A Cuban love story
POLITICAL PRISON, SEPARATION AND REUNION -- A NEW BOOK TELLS CORAL GABLES FAMILY'S STORY
By ANA VECIANA-SUAREZ
aveciana@miamiherald.com
Imagine this:
Your husband, a young psychiatrist, is imprisoned by Fidel Castro as a resistance leader. Your three children -- all under 3 -- hold the promise of freedom in the United States.
What do you do? Abandon your husband on the island and raise your kids in Miami? Or stay in Cuba to help your husband survive and send your children away with your parents?
This heart-wrenching choice is at the crux of a new book about a real-life couple, Emy and Lino Fernandez. Published this year, Fighting Castro: A Love Story (WingSpan, $18) tells the harrowing tale of how one man survived 17 years as a political prisoner in Cuba and how one woman lived with the difficult decision she made when she was only 23.
"It is their love story, " says author Kay Abella, a former journalist who lives in Connecticut, "but it's also a story of their love for their country" and their willingness to sacrifice to oppose the Castro government.
And the story has a happy ending.
Emy, 69, and Lino, 76, live in Coral Gables. He still practices, with his younger daughter, while Emy tends to the house and the parade of relatives who visit for coffee and hugs. Their children are grown now, with children of their own. A great-grandchild is due in the fall. One would expect that all is well that ends well.

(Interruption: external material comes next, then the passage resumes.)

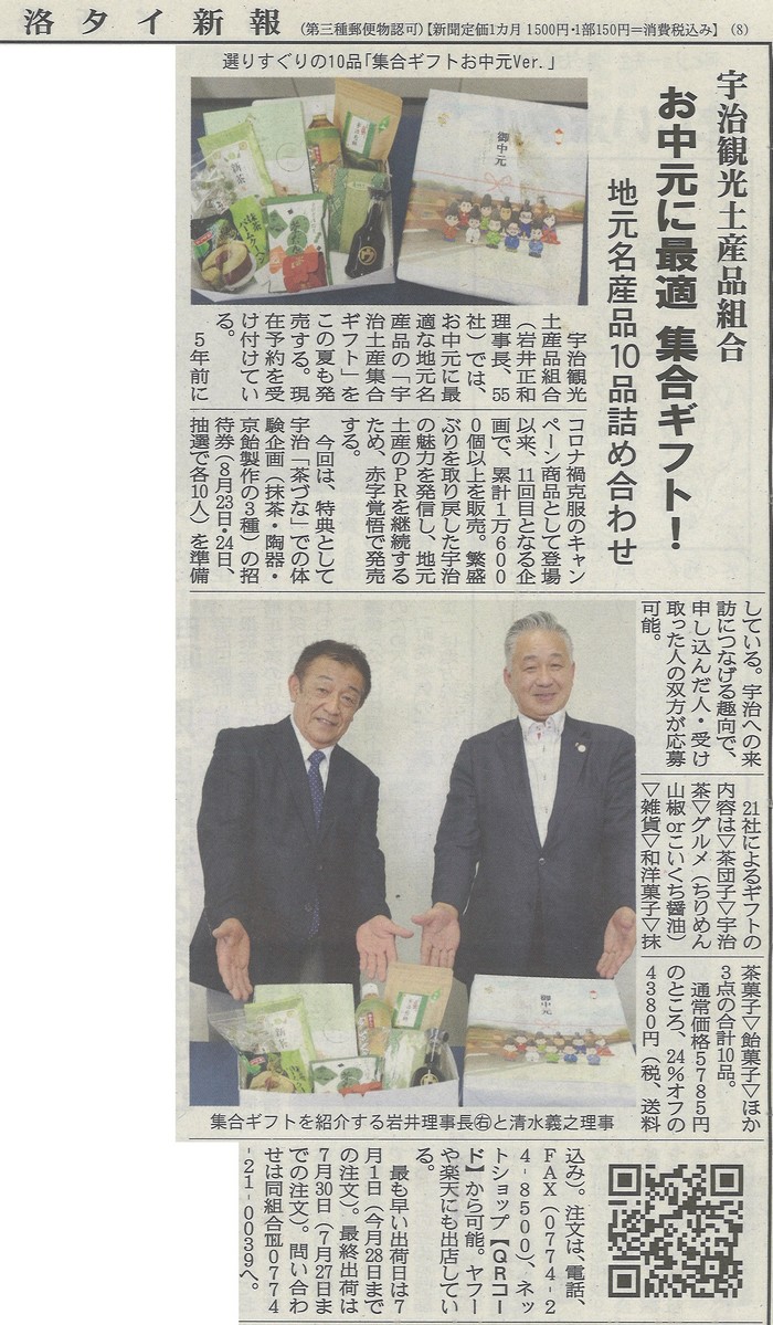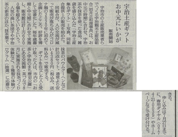 | 6月・7月 各新聞社にて宇治土産集合ギフト(お中元)について掲載 |

But when the Fernandezes talk about those years, about the cruelty of prison and the anguish of separation, the emotion -- and tension -- remain palpable. Emy's eyes water. She escapes to the kitchen for a drink of water. When she returns, Lino reaches out to pat her hand.

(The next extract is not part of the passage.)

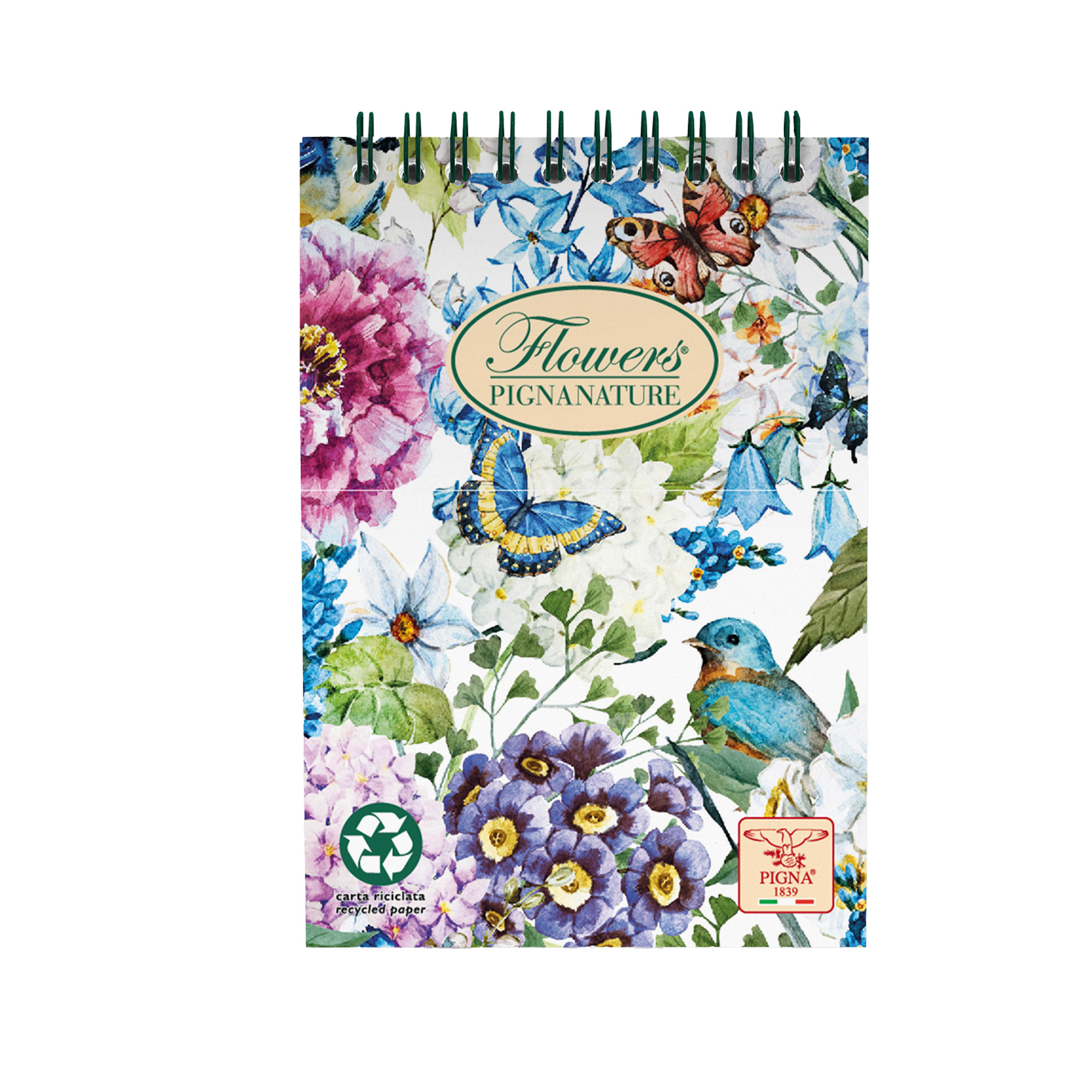 Blocco spirale Nature Flowers - A5 - 5mm - 50 fogli - 80 gr - spiralato sul lato corto - Pigna

Emy's decision to stay in Cuba to tend to her husband is best described in one paragraph after she sees her parents and three kids off at the airport: "She had to let go. They were with people who loved them -- safe and free. They were in her heart; they could not be in her life. Her life would center on Lino, on his survival."
Until they began collaborating with Abella on the book in 2000, the past was . . . well, past. The Fernandezes rarely spoke about the decision Emy had made and the suffering Lino had endured. When the couple arrived in Miami in 1979 as part of a general amnesty granted by the Cuban government, Lino wanted to make up for lost time and rushed through his medical license revalidation. Emy took a job as a secretary to make ends meet.
"When we came, we had to remake our lives, " Emy explains. "We were busy reacquainting ourselves with the children."
PAINFUL MEMORIES
But interviews for the book forced the painful memories out. "A lot of things came out that we had never talked about, " Emy says. "It was like reliving what we had left behind."
During the seven years of research and interviews, Lino worried that "the real story" would be lost in the telling. "This is not just an emotional story, " he explains. "I am part of a larger story."
And he is right. Abella skillfully manages to weave the tale of a young family with a panoramic view of the last 45 years of Cuban history. She recognized that sometimes the best way to recreate the past is through the eyes of an individual.
"You can take this story and put it in East Germany, and it would still be a great story about a couple determined to survive, " Abella says. "This is about the Cuban revolution and what it has done to families, but it's also about endurance and steadfastness."
Lino and Emy met when she was 16 and he was in medical school. They married in 1958, when he was 27 and she 20. Children arrived soon after.